Discussion in 'Architecture and Products' started by Lukfi, Oct 5, 2009.

  1. Mianca

    Regular

    Joined:
    Aug 7, 2010
    Messages:
    333
    Likes Received:
    19
    HD 6970 being 50% faster than HD 6870 isn't the best case scenario ... especially not in 3DMark 11 :wink:
     
  2. Squilliam

    Squilliam Beyond3d isn't defined yet
    Veteran

    Joined:
    Jan 11, 2008
    Messages:
    3,495
    Likes Received:
    114
    Location:
    New Zealand
    Ok, we're all talking about best case scenarios here. What kind of performance is best case scenario? Oh and I look at the clock and see it is almost December. December means presents and fast graphics cards to play with? Even with the delay it is still kind of hard to get concrete information out. We don't even have a die size, do we?

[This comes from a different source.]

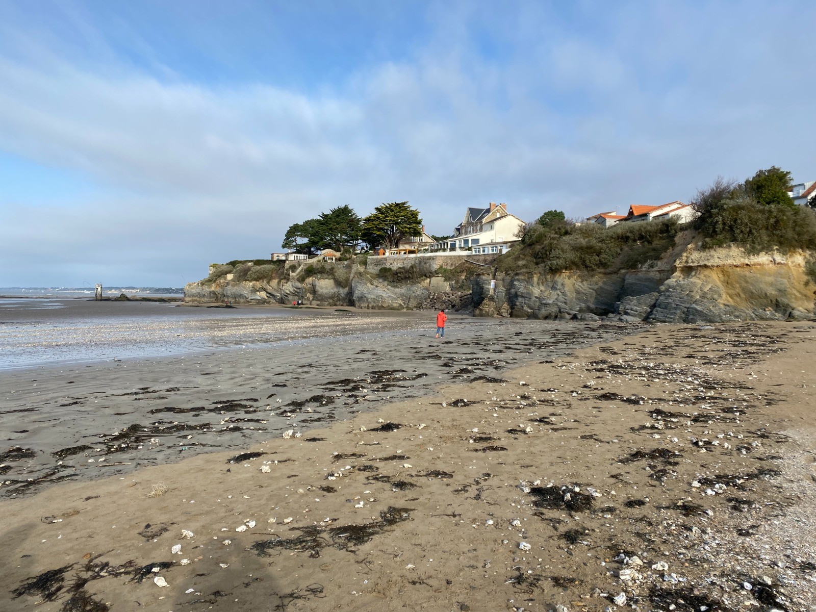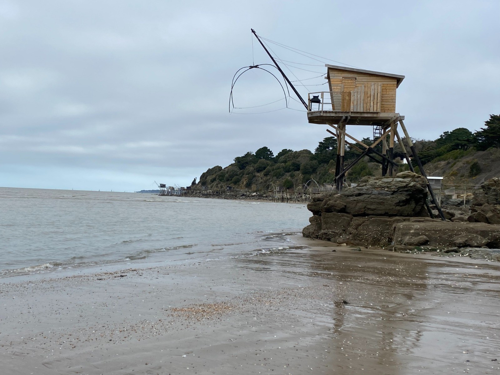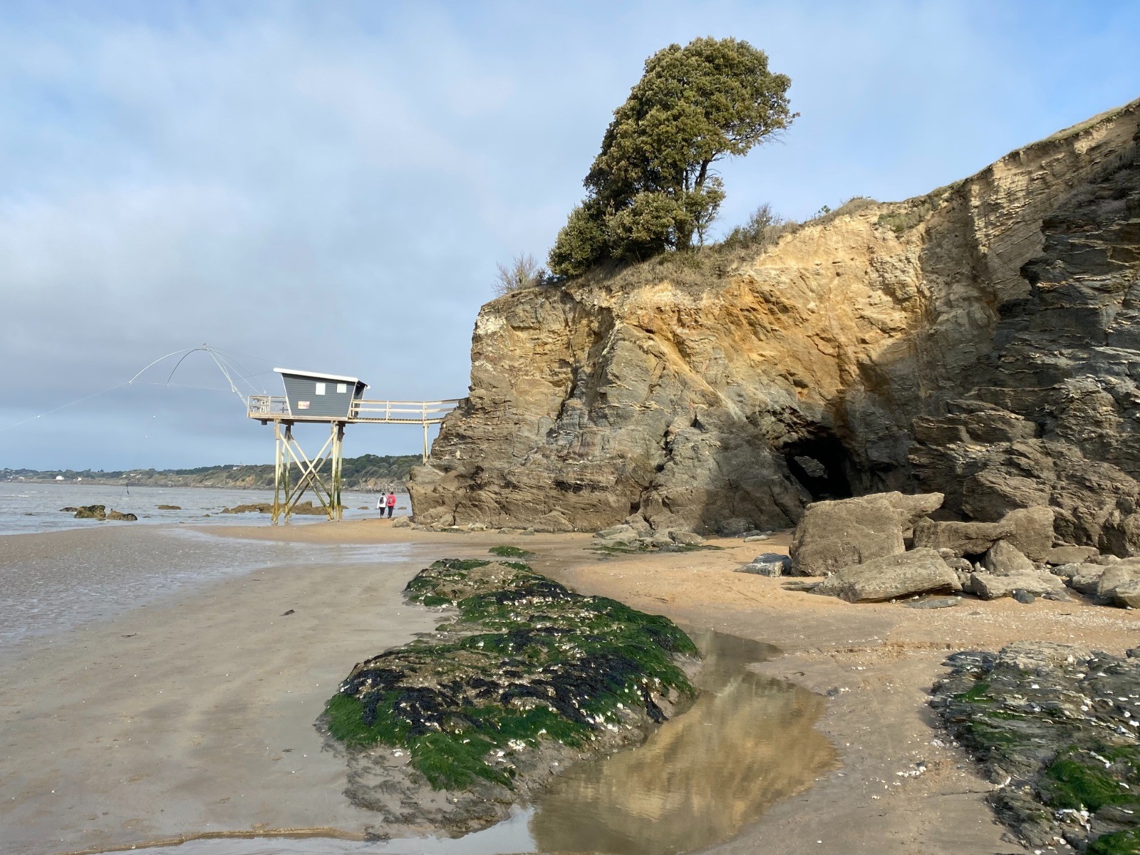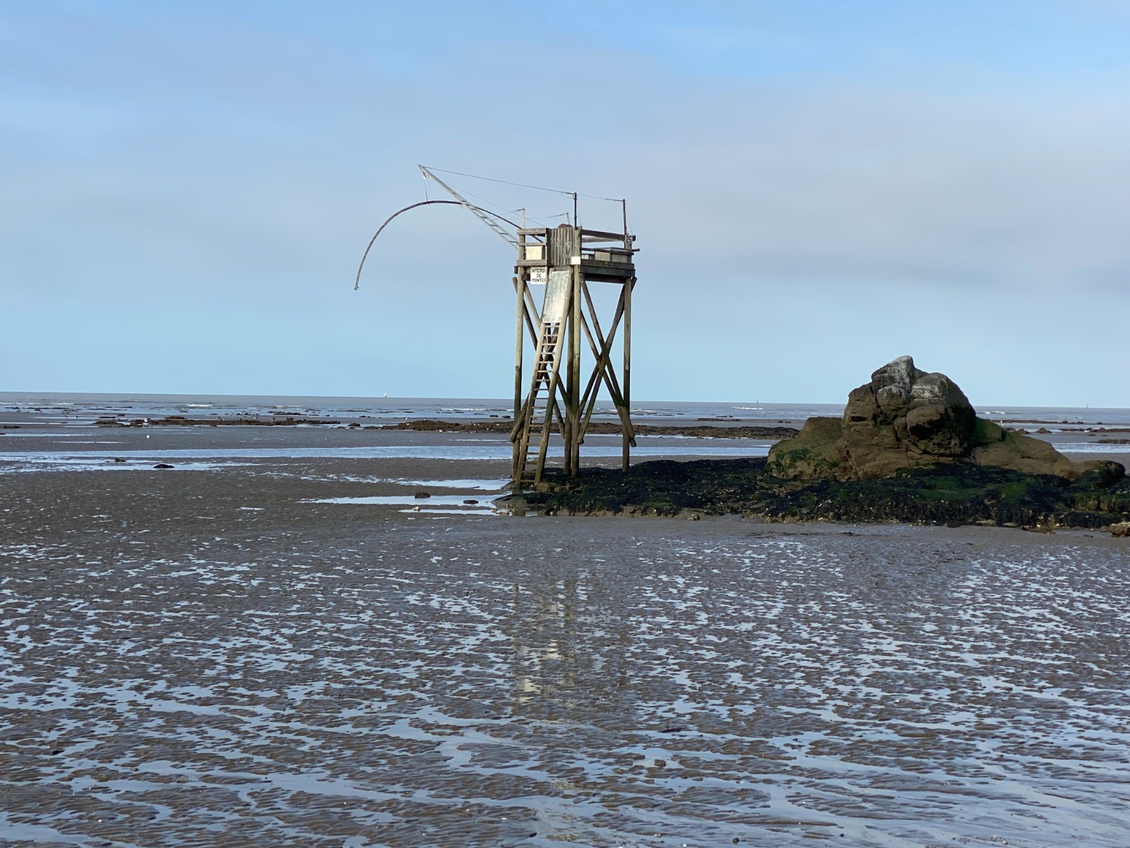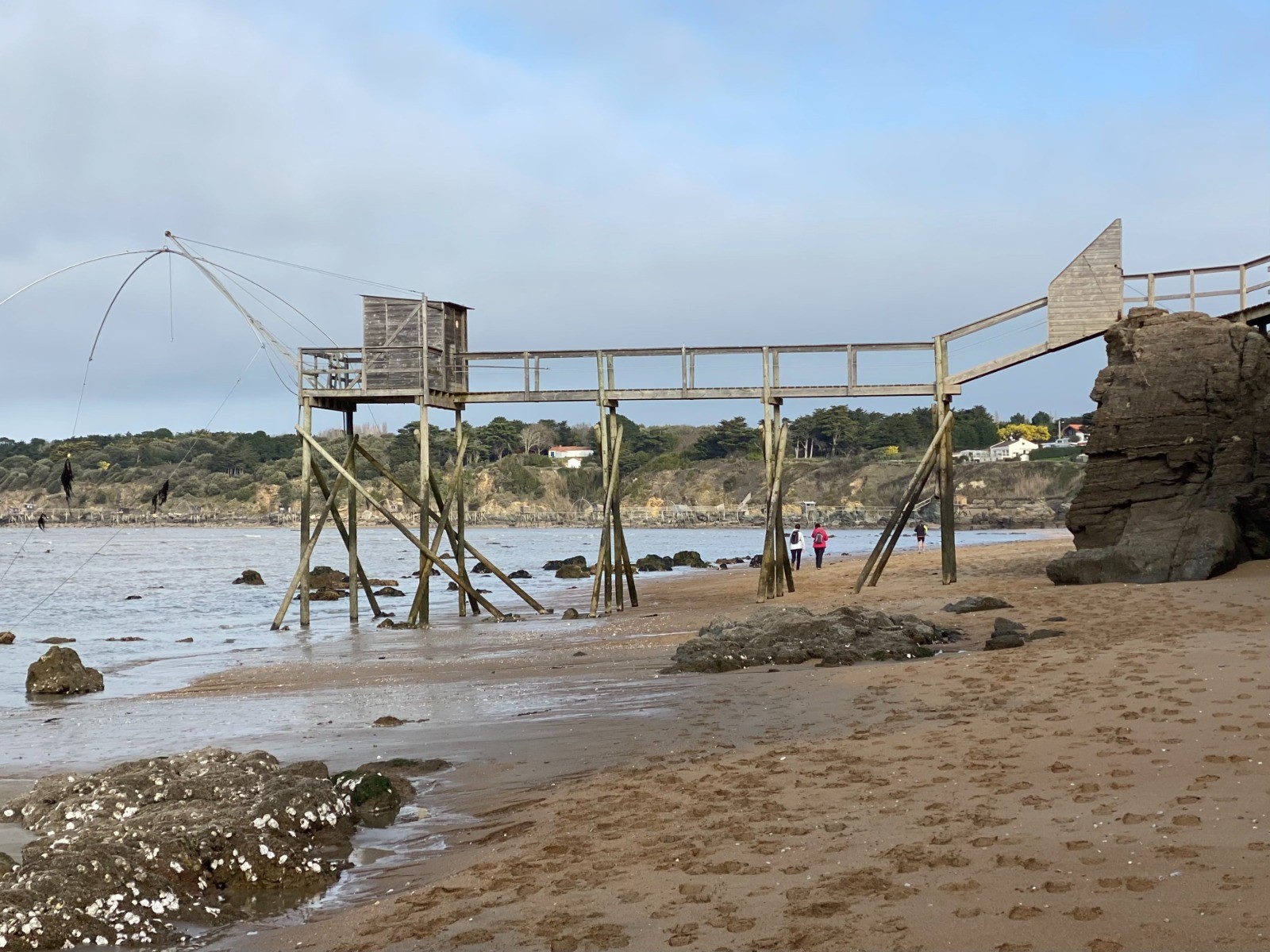 La marée ( horaires ) est montante depuis seulement deux heures et cela nous permet de nous diriger jusqu'à La Boutinardière en empruntant la plage, slalomer parmi les rochers et passer au pied des pêcheries nombreuses ici.

    Lastly are we looking at something which has a significant performance per mm^2 improvement or are we just looking at an increase in functional units mainly proportional to the increase in the number of transistors and therefore performance through size?
     
  3. OgrEGT

    Newcomer

    Joined:
    Sep 12, 2010
    Messages:
    31
    Likes Received:
    0
    Speculations are around

    370-400mm2
    >2.5 billion Transistors (more like 2.7?)
    850-900MHz
    appr. 2.6TFlops
    appr. 230W Power consumption (games)
    Between
    2x15 or 3x10 SIMDs a 16 x 4D VLIWs / 120 TMUs
    and
    2x12 or 3x8 SIMDs a 16 x 4D VLIWs / 96 TMUs

    30-50% more performance than HD6870

    Edit: Sounds still nice for me :)
     
  4. no-X

    Veteran

    Joined:
    May 28, 2005
    Messages:
    2,406
    Likes Received:
    416
    according the leaked slides the SIMDs should be in two groups, so from 2x12 to 2x...:smile:
     
  5. LordEC911

    Regular

    Joined:
    Nov 25, 2007
    Messages:
    874
    Likes Received:
    205
    Location:
    'Zona
    ~3.2-3.5TFlops.

    Best case would technically be ~1.8-2x the performance of 6870, depending on exact specs, but as we know that won't translate to realworld performance increase so 1.4-1.6x would be more reasonable in the majority of cases.
     
  6. Mianca

    Regular

    Joined:
    Aug 7, 2010
    Messages:
    333
    Likes Received:
    19
    @OgrEGT:

    30-50% faster than HD 6870 seems rather conservative.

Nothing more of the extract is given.